[Exercise instructions] Could you give back exactly the lines below from the one with "만화 딩당 고양이 잠옷" through the one with "와 나 걍 떠돌이 돌판인생사는", without a single picture?

[Supplied data]

———

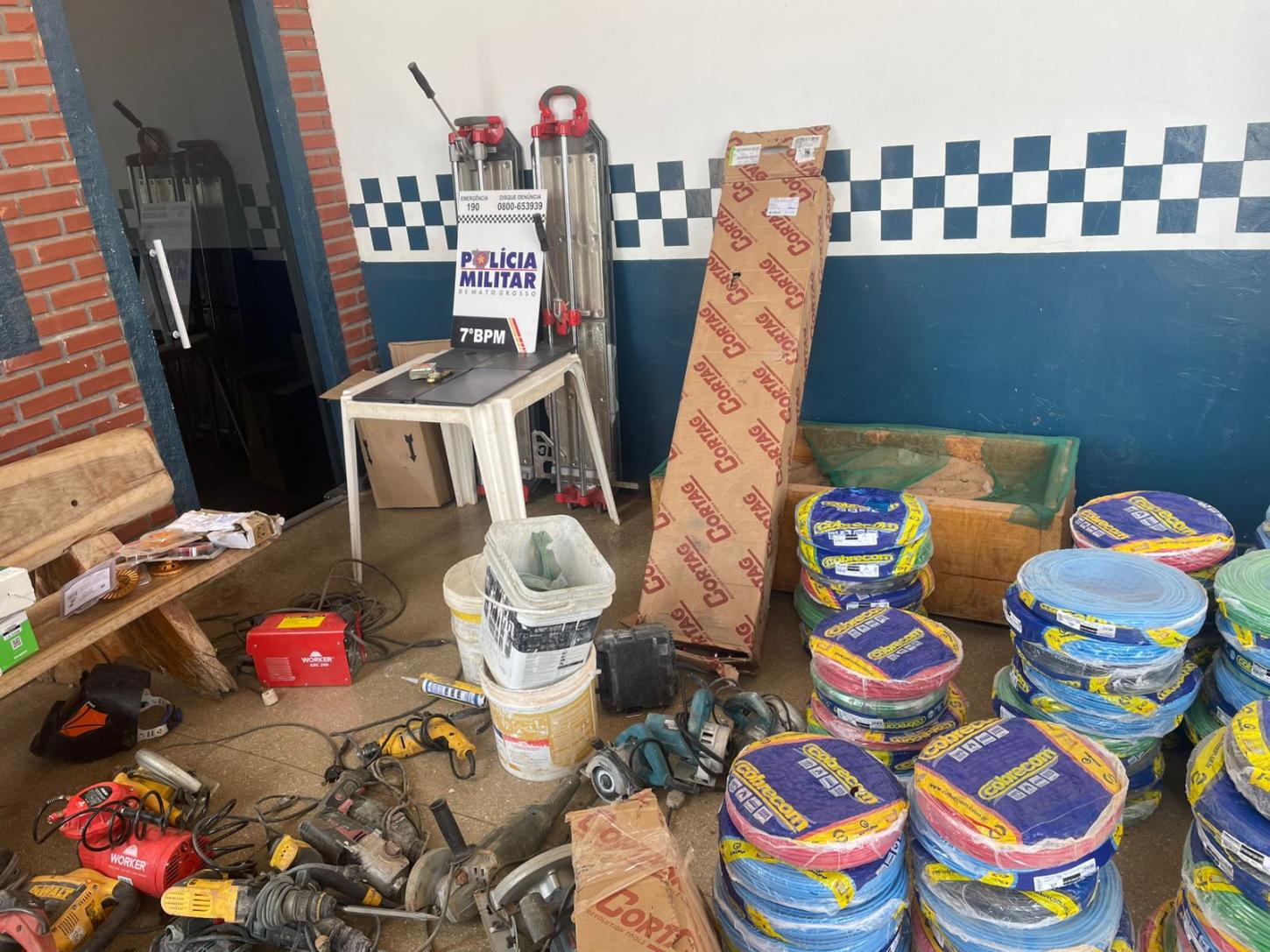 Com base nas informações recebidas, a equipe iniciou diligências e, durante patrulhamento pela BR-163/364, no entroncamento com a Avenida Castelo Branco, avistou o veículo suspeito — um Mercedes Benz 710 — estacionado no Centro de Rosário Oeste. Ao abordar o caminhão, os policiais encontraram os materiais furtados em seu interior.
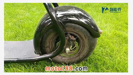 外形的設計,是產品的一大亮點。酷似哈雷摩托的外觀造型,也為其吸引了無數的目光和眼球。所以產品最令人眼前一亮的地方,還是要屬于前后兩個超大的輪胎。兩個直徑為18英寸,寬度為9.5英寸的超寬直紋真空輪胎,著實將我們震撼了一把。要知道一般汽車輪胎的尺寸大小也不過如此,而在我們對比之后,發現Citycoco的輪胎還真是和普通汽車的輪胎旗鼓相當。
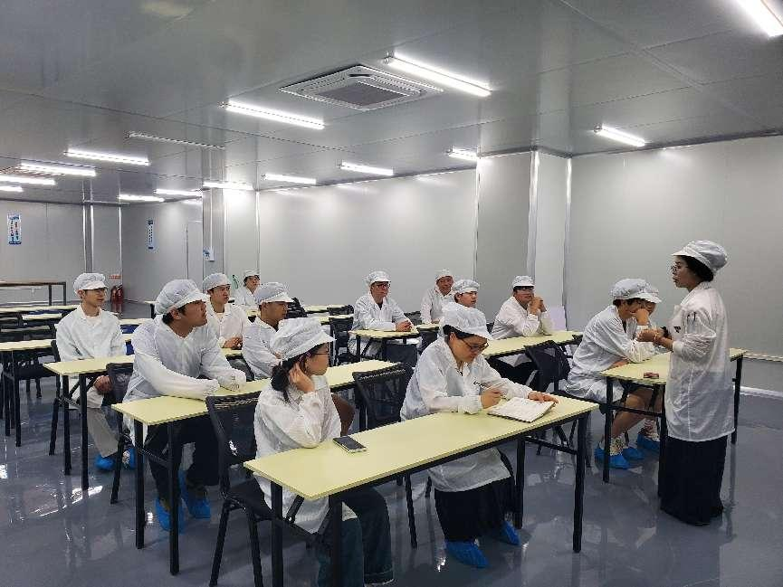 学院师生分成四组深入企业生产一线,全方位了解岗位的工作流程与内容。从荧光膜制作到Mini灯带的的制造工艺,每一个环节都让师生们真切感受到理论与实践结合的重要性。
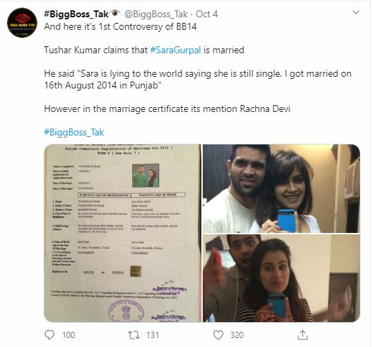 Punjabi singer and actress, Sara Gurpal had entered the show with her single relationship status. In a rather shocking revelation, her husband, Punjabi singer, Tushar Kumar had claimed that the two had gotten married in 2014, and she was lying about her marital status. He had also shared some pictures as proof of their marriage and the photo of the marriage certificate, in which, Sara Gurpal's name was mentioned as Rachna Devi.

———

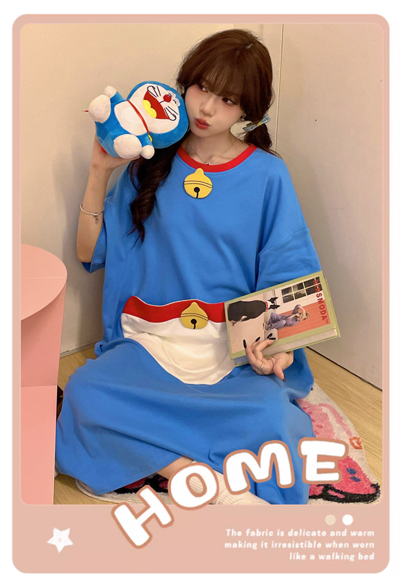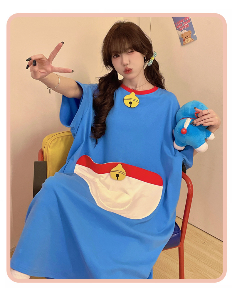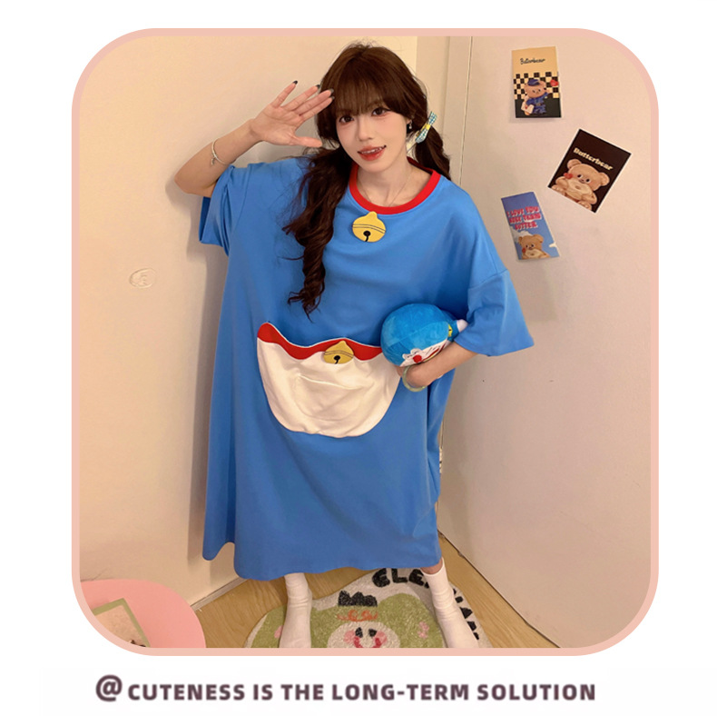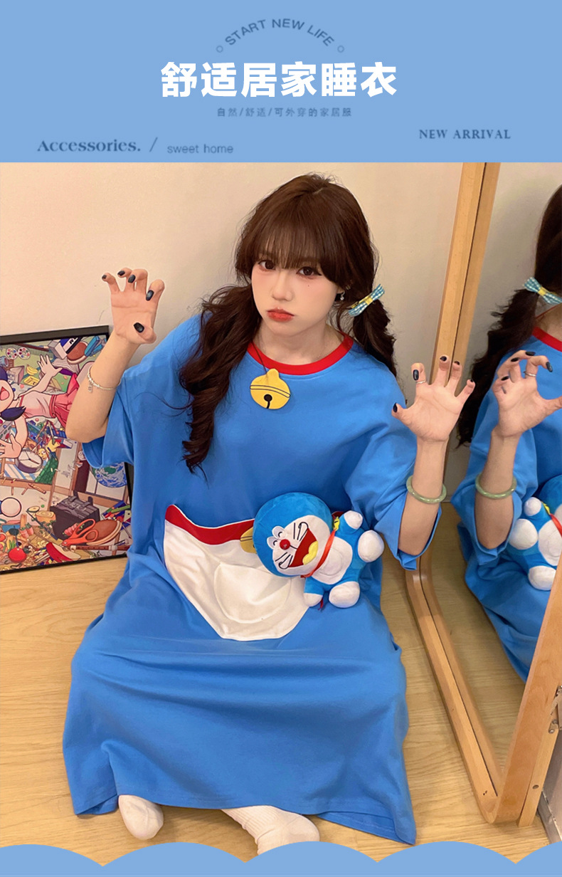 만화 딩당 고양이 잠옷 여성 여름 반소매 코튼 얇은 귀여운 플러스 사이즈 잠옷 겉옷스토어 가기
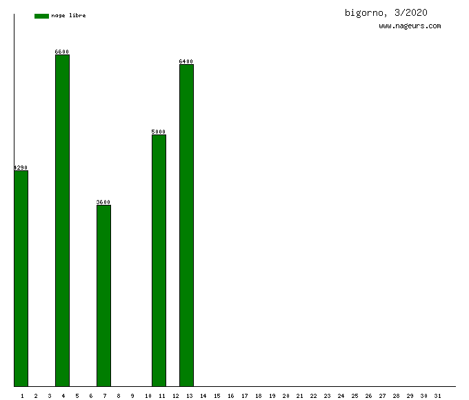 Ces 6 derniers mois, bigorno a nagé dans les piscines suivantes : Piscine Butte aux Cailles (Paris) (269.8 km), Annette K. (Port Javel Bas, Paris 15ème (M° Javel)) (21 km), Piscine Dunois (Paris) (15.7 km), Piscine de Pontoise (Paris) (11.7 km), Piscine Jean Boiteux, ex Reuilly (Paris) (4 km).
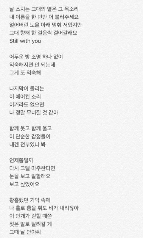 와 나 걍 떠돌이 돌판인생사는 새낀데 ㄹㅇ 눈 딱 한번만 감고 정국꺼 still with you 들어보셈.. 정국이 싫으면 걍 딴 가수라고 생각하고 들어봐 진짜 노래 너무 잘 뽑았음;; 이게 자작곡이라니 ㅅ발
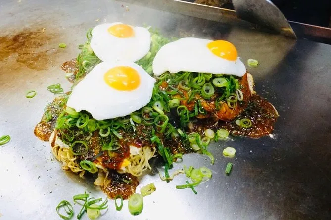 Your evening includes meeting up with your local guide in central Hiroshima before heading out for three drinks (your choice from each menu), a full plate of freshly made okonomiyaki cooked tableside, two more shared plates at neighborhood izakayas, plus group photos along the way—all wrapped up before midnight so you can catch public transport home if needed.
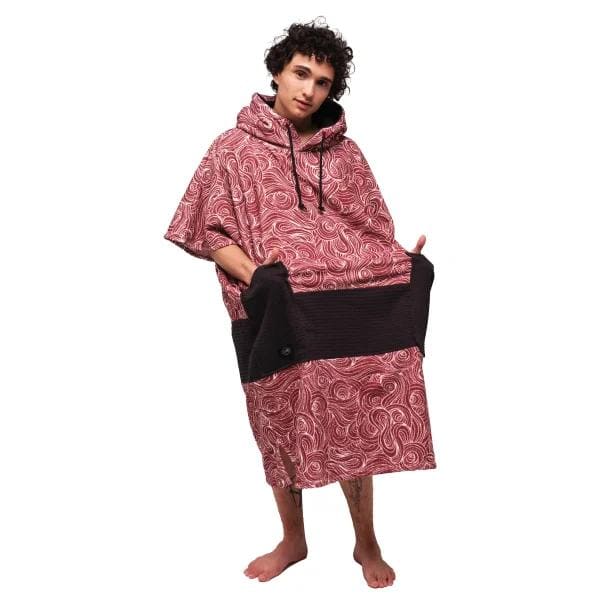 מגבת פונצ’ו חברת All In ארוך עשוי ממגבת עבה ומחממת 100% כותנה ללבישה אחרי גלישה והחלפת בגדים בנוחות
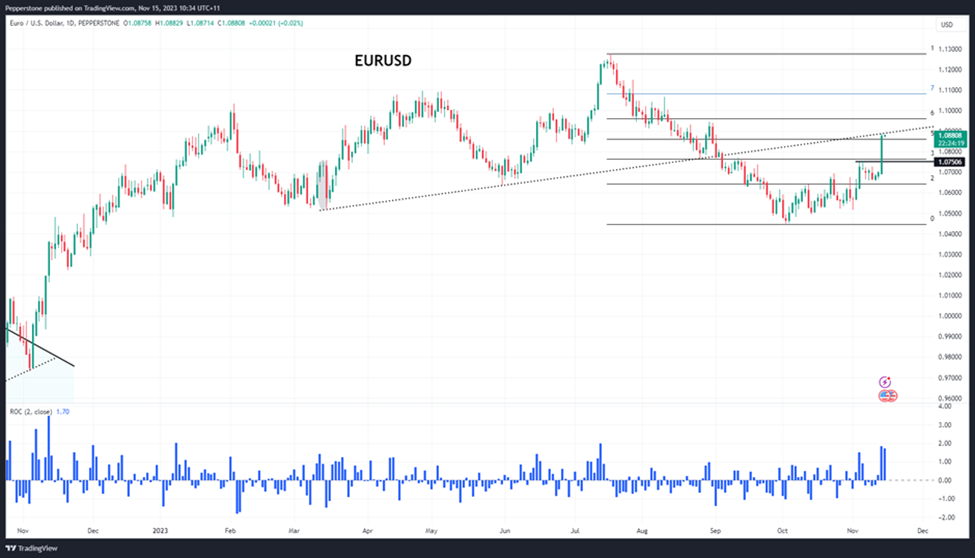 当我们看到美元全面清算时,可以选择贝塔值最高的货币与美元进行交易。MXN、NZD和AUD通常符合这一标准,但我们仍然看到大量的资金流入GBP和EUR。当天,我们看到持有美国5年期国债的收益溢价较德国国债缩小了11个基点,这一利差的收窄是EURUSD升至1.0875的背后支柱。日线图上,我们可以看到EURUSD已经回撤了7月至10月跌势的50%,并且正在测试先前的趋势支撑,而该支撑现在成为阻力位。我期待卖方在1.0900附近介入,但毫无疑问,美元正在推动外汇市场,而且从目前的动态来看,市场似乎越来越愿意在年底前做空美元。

———

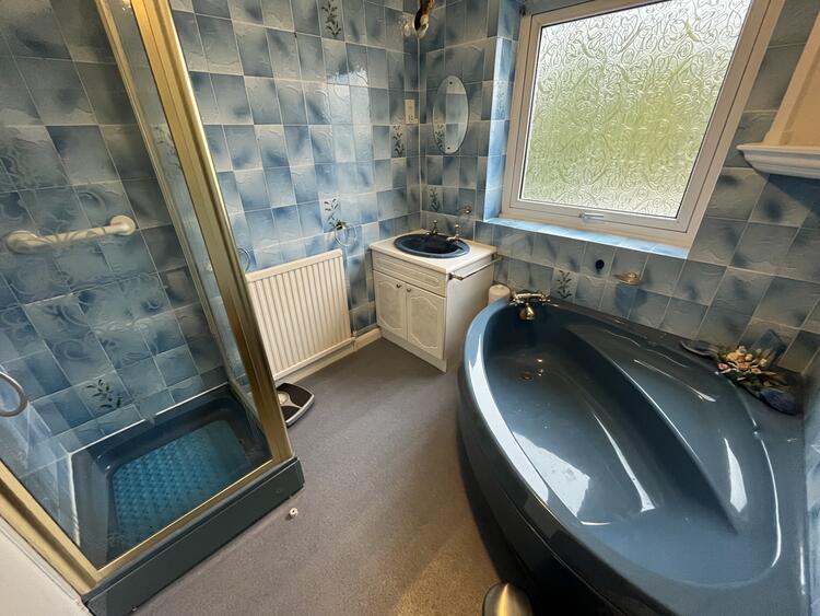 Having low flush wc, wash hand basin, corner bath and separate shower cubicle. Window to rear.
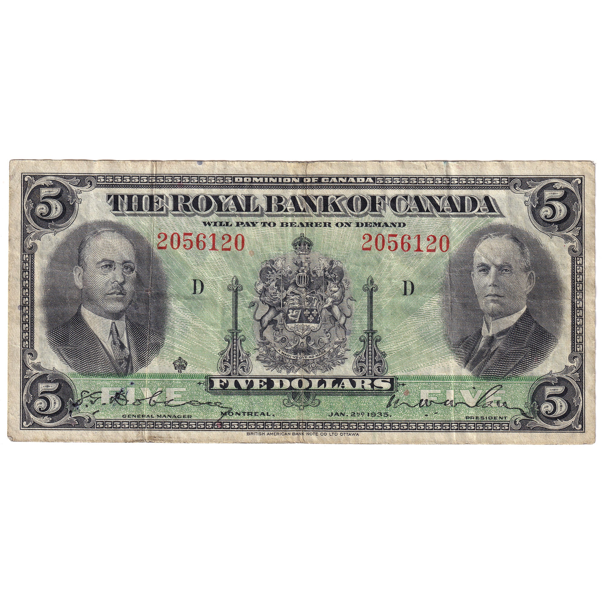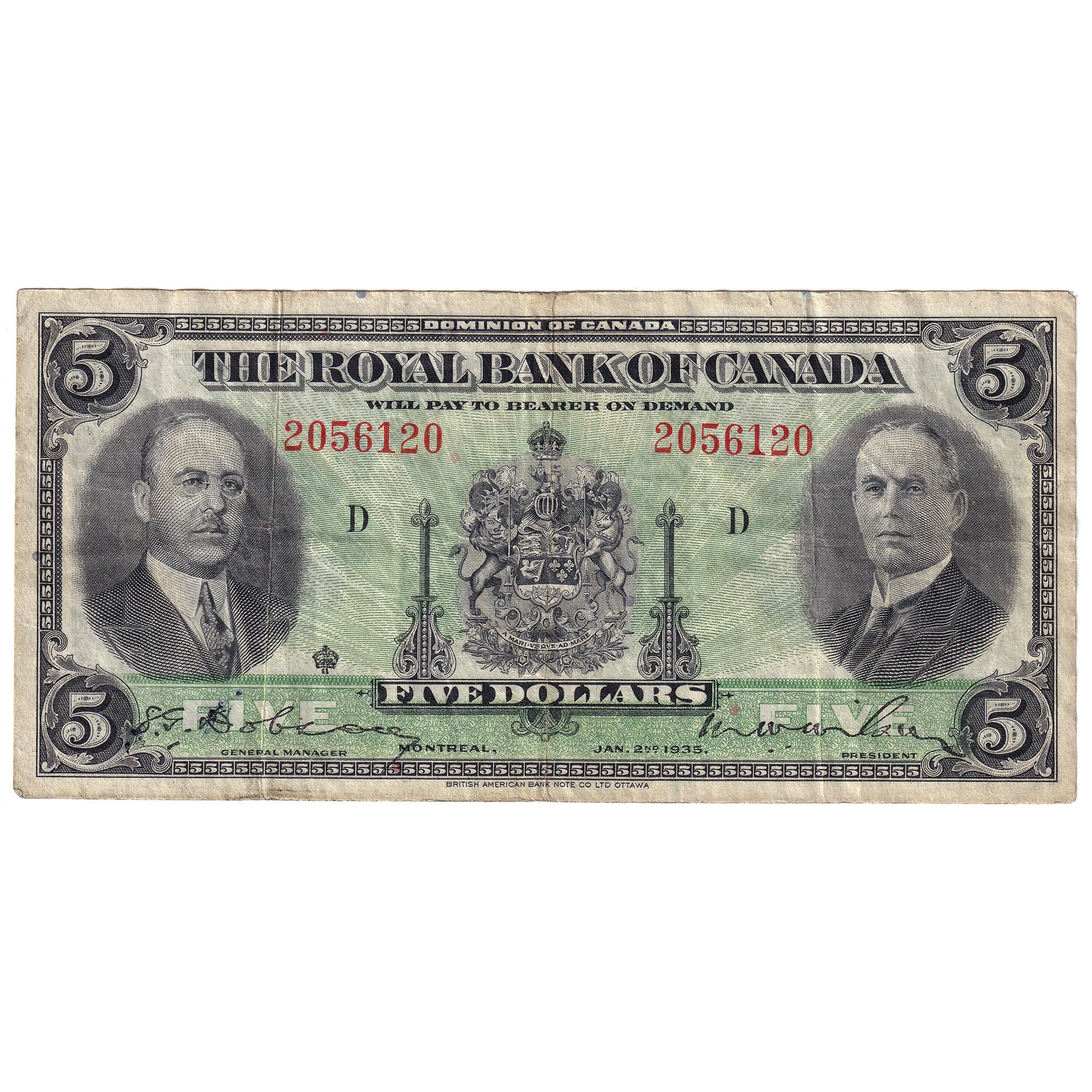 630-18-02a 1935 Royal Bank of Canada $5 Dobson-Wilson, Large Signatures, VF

———

[Task output]
 만화 딩당 고양이 잠옷 여성 여름 반소매 코튼 얇은 귀여운 플러스 사이즈 잠옷 겉옷스토어 가기
 Ces 6 derniers mois, bigorno a nagé dans les piscines suivantes : Piscine Butte aux Cailles (Paris) (269.8 km), Annette K. (Port Javel Bas, Paris 15ème (M° Javel)) (21 km), Piscine Dunois (Paris) (15.7 km), Piscine de Pontoise (Paris) (11.7 km), Piscine Jean Boiteux, ex Reuilly (Paris) (4 km).
 와 나 걍 떠돌이 돌판인생사는 새낀데 ㄹㅇ 눈 딱 한번만 감고 정국꺼 still with you 들어보셈.. 정국이 싫으면 걍 딴 가수라고 생각하고 들어봐 진짜 노래 너무 잘 뽑았음;; 이게 자작곡이라니 ㅅ발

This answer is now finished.